#### WHAT TO WORK ON:
Output, exactly as written, the lines below from the one that has "Vi satsade istället" through the one that has "Dolce & Gabbana"; nothing else, and no pictures.

(MATERIAL SHOWN)

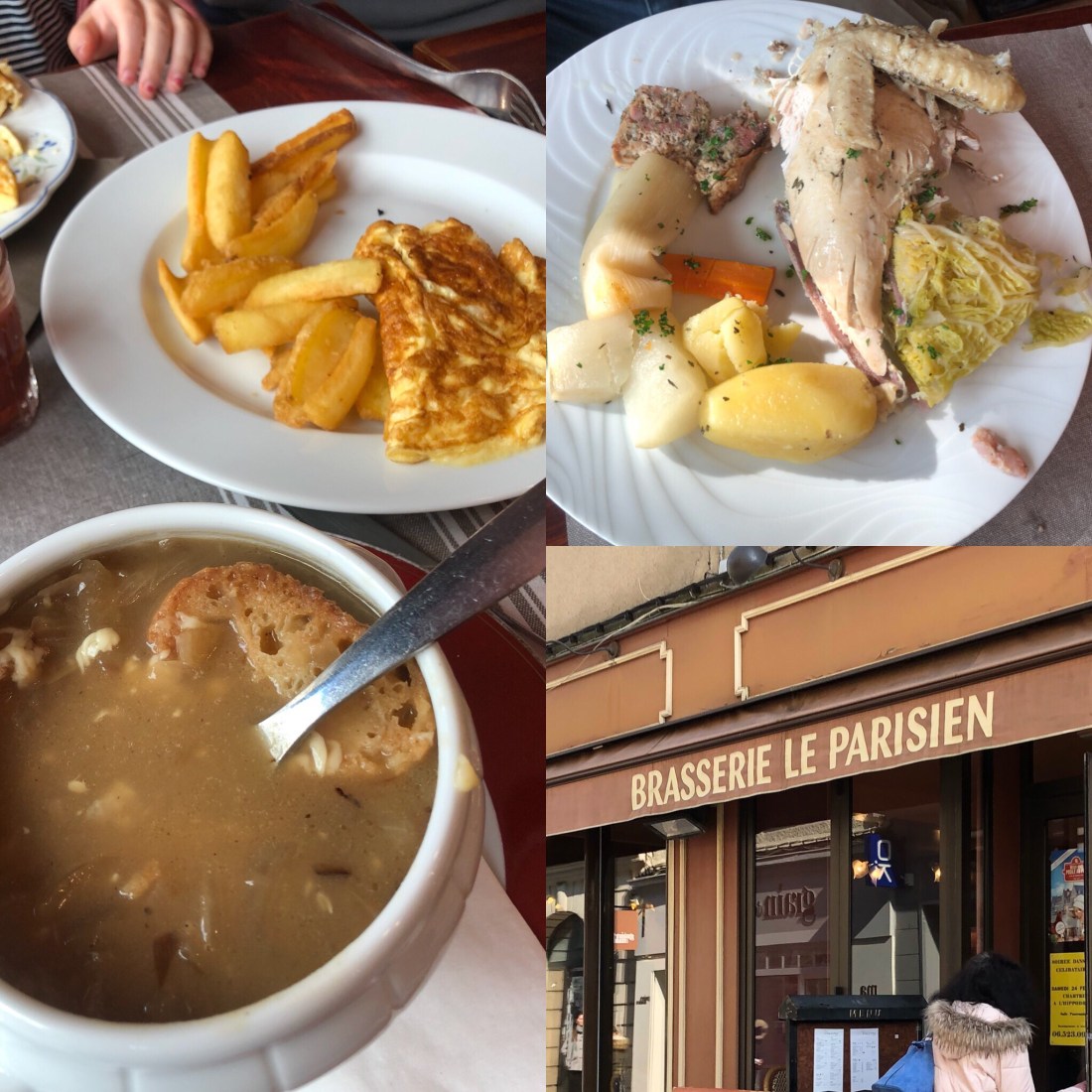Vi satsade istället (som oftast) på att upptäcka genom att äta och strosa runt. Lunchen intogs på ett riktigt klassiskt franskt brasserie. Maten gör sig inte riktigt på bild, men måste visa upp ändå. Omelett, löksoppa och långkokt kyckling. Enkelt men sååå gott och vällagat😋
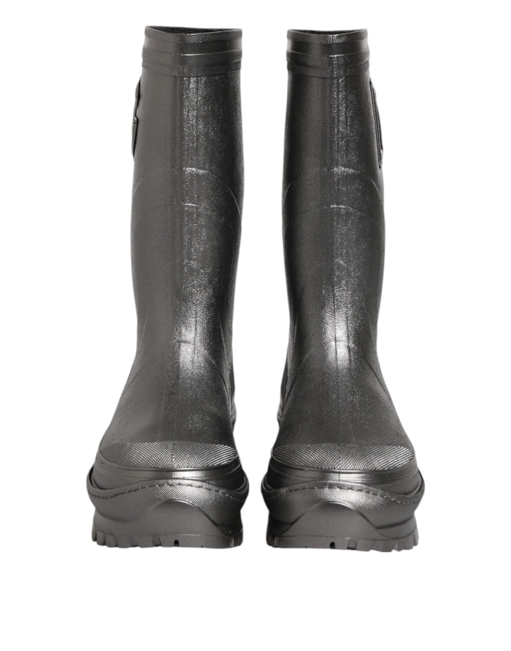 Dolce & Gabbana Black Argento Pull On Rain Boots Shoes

(End MATERIAL SHOWN)
(MATERIAL SHOWN)

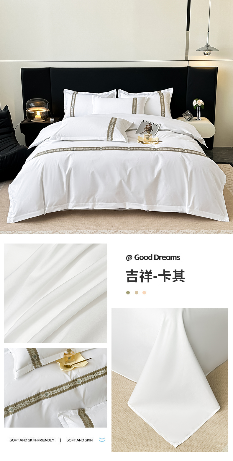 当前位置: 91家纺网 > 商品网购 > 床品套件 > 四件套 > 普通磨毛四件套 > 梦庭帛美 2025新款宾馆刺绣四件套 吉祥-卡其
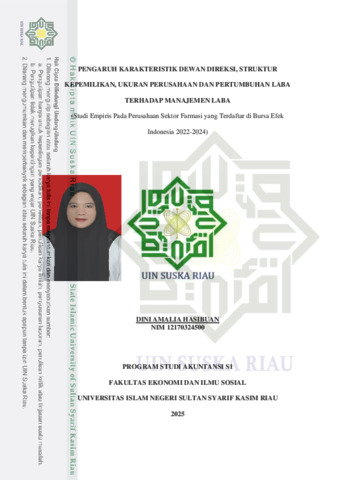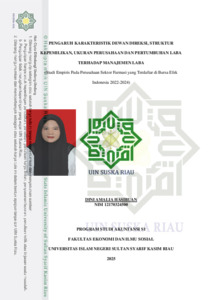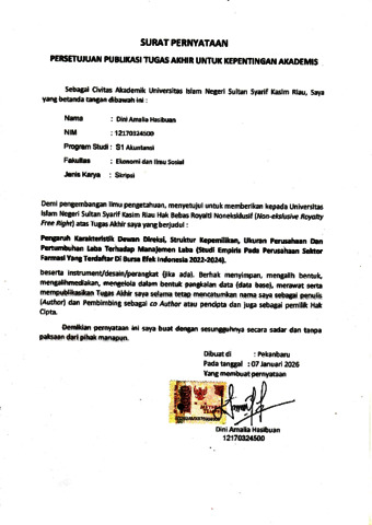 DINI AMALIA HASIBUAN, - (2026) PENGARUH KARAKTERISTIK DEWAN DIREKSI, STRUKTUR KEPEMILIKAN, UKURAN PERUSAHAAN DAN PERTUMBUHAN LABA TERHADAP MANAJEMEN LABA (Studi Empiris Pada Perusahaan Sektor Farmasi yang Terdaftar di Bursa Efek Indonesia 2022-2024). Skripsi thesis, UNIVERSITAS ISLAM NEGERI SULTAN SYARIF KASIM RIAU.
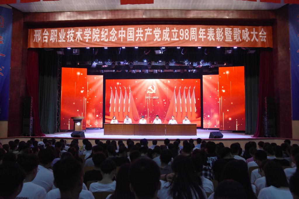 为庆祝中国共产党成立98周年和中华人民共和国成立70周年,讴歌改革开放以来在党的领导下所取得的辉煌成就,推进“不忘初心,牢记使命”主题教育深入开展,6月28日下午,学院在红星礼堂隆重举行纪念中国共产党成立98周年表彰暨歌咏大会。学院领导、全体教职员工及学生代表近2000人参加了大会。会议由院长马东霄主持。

(End MATERIAL SHOWN)

#### SOLVED EXERCISE:
Vi satsade istället (som oftast) på att upptäcka genom att äta och strosa runt. Lunchen intogs på ett riktigt klassiskt franskt brasserie. Maten gör sig inte riktigt på bild, men måste visa upp ändå. Omelett, löksoppa och långkokt kyckling. Enkelt men sååå gott och vällagat😋
 Dolce & Gabbana Black Argento Pull On Rain Boots Shoes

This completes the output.